DUP to string out Stormont boycott as Donaldson warns protocol bill could 'take months' to pass
THE DUP looks set to string out its Stormont boycott indefinitely after Sir Jeffrey Donaldson signalled that his party has no timetable for the restoration of the devolved institutions.
His remarks came 24 hours after the British government published legislation that could see it unilaterally ditch parts of the Northern Ireland Protocol.
The controversial bill has been widely criticised, with Taoiseach Micheál Martin describing it as "an assault on an international agreement".
The Fianna Fáil leader said the legislation was "anti-business and anti-industry", while Sinn Féin deputy leader Michelle O'Neill accused Downing Street of "pandering" to the DUP .
The chair of the US Senate's Foreign Relations Committee Bob Menendez said the bill was "irresponsible" and a threat to peace in Ireland.
The legislation was tabled on Monday by the Tories in the hope that it would prompt the DUP to end its boycott of the executive and the assembly.
British Foreign Secretary Liz Truss urged Sir Jeffrey to move to restore the Stormont institutions "as soon as possible".
But the DUP leader said his party wanted to see the bill progressing through Westminster.
He said the legislation had the potential to resolve his concerns over the protocol but that it could "take months" for it to become law.
"There's a long way to go with this legislation," Sir Jeffrey said.
"It will take months to pass through the Commons and the Lords unless the government decides to escalate the timetable for the bill, and we haven't heard that."
He said the DUP had "not yet come to a view as to when the institutions might be restored" and that he wanted to be sure the bill was "moving forward" and that it would be enacted.
Ms O'Neill warned that the legislation would create economic uncertainty.
"The reality is that the actions of Boris Johnson, the actions to unilaterally disapply parts of the protocol, will have a negative impact on businesses," she said.

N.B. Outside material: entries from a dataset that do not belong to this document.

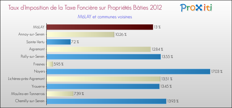A noter : la valeur moyenne de ce taux de taxe foncière sur le bâti dans les communes françaises similaires à Môlay était de 10.09 %, en 2012.
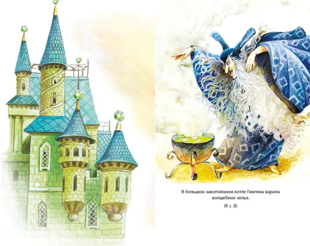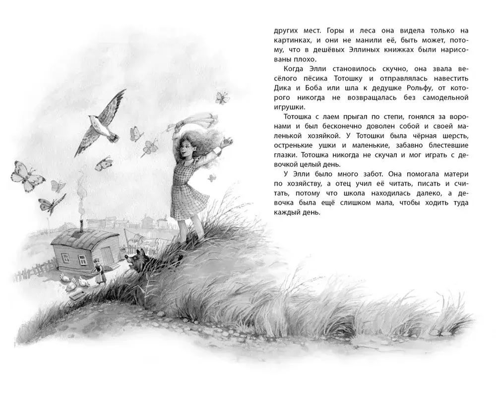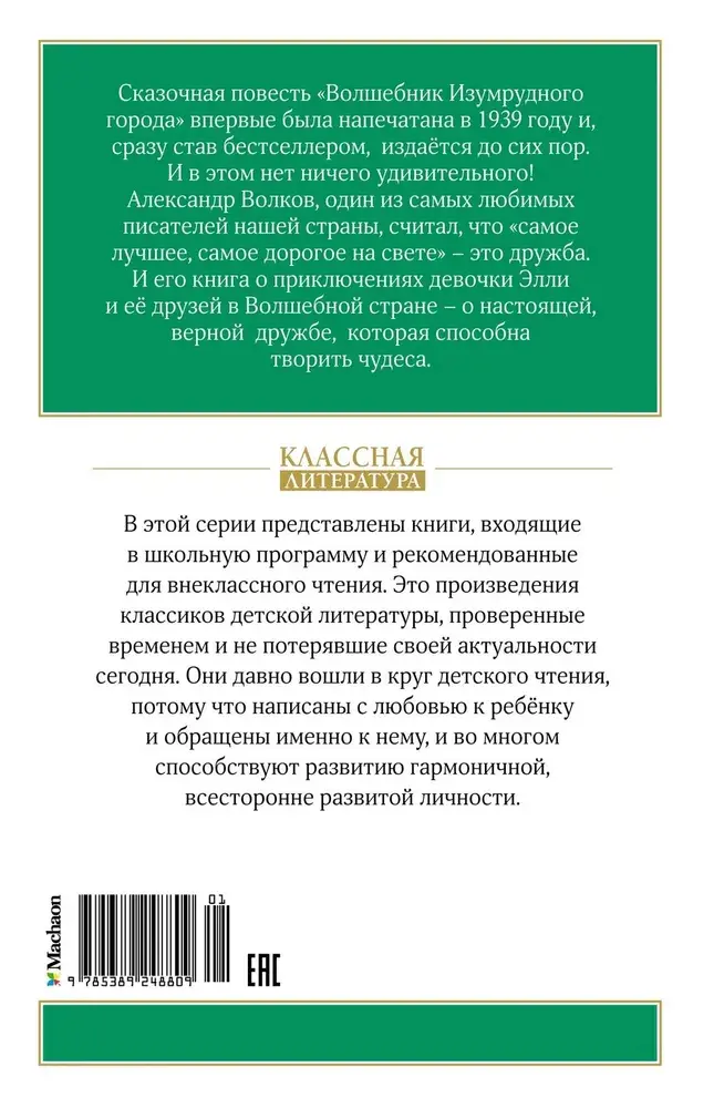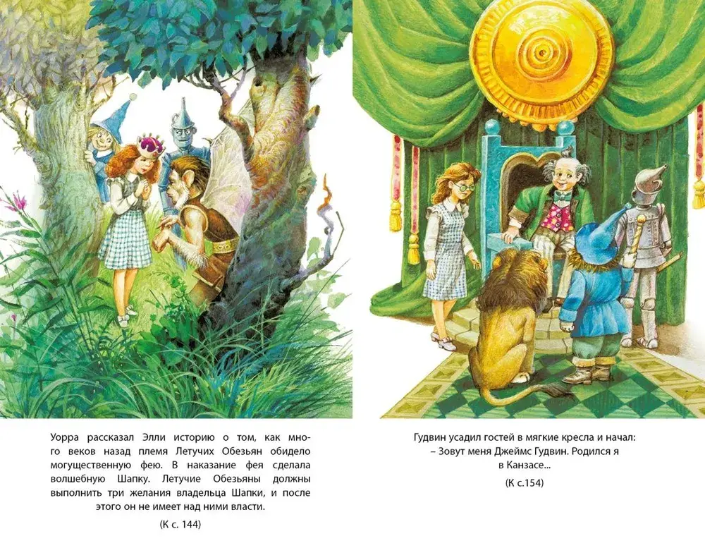 Герои книги - Страшила, Железный Дровосек и Трусливый Лев - мечтают об исполнении своих заветных желаний. Страшила хочет стать умным. Железный Дровосек - добрым и любящим, Лев - смелым и отважным, как и подобает царю зверей. А Элли больше всего на свете желает вернуться домой, в Канзас, к маме и папе. Ведь девочка удивительным образом оказалась в совершенно чужой и к тому же волшебной стране. Теперь только великий Гудвин, волшебник Изумрудного города, может помочь ей, а также её друзьям, в исполнении их желаний. И герои этой чудесной сказки отправляются по дороге, вымощенной жёлтым кирпичом, в далёкий Изумрудный город.
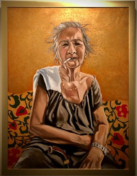 The portrait was completed just a few months before her passing. At 94, after suffering a stroke, it became clear that our family could no longer provide the consistent, intensive care she needed here in Canada. With the long, cold, and slippery Winnipeg winters and her growing fragility, we made the difficult decision for her to return to the Philippines, where she could live her final days surrounded by familiar sounds, smells, and warmth. It was in this time of anticipatory grief that I was inspired to paint her—not as a farewell, but as a celebration of a life well-lived. A cousin had captured this image of her, an ordinary moment that spoke volumes, reflecting her strength, stubbornness, humor, and unspoken love. After seeing the image in a group chat between my cousins and I, I knew I had to commit it to canvas.
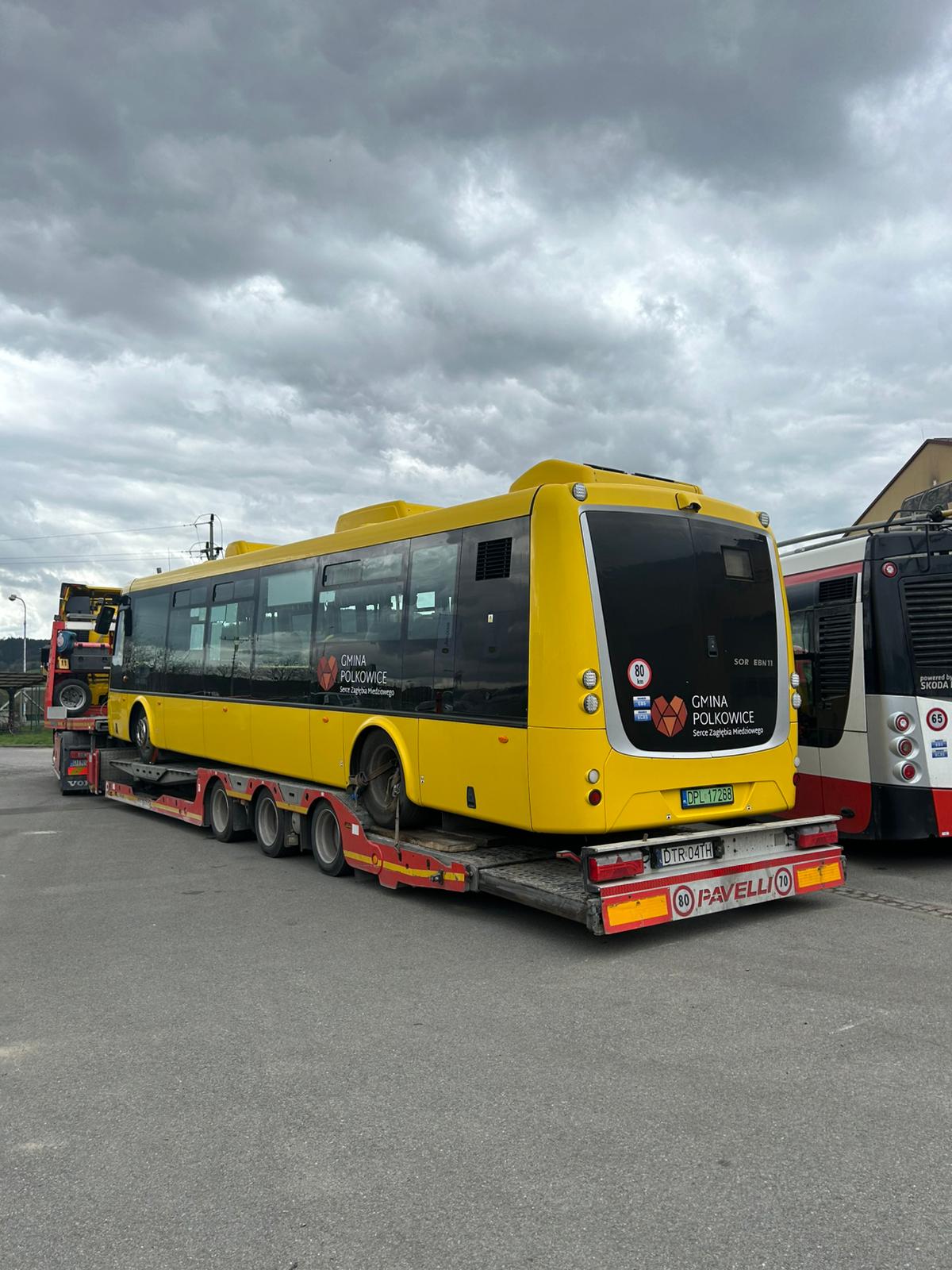 Transportujemy autobusy z niskim podwoziem! Niskopodwoziowe lawety z zawieszeniem hydraulicznym.
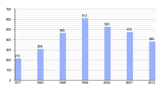 | Gráfica de evolución demográfica de Takapoto entre 1977 y 2012 |
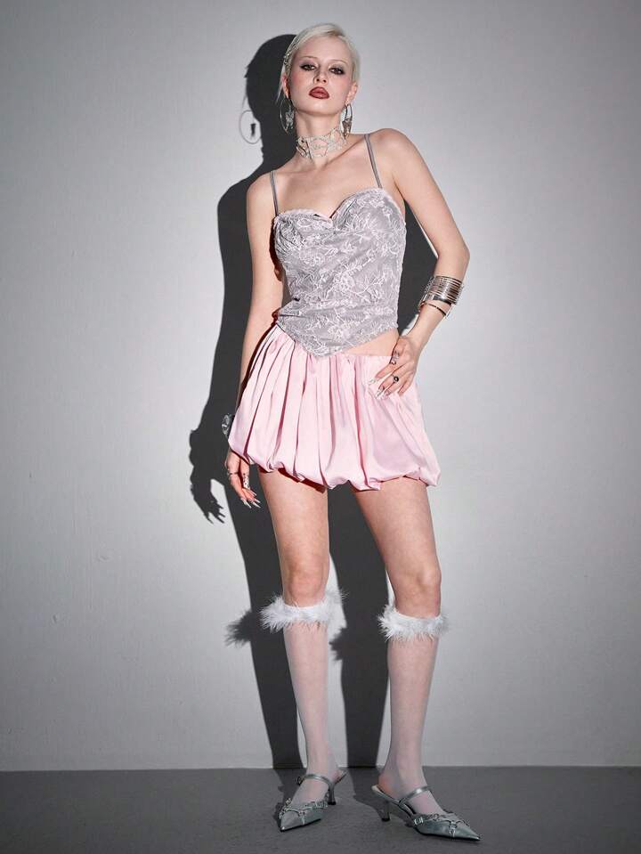 ROMWE Avant Débardeur asymétrique à ourlet en dentelle florale pour femme

"It creates more uncertainty so that is not in the best interests of the people here, it is certainly not in the best interests of the business community here."
The taoiseach told the Dáil that the British government's unilateral action could "destabilise" politics in the north.
"I want to say fundamentally, and it is with regret I say this, I do get the sense the current British government don't fully get the Good Friday Agreement or don't understand the DNA of the Good Friday Agreement and what it really means in terms of the involvement and the co-guarantor nature of it between the British and Irish government," he said.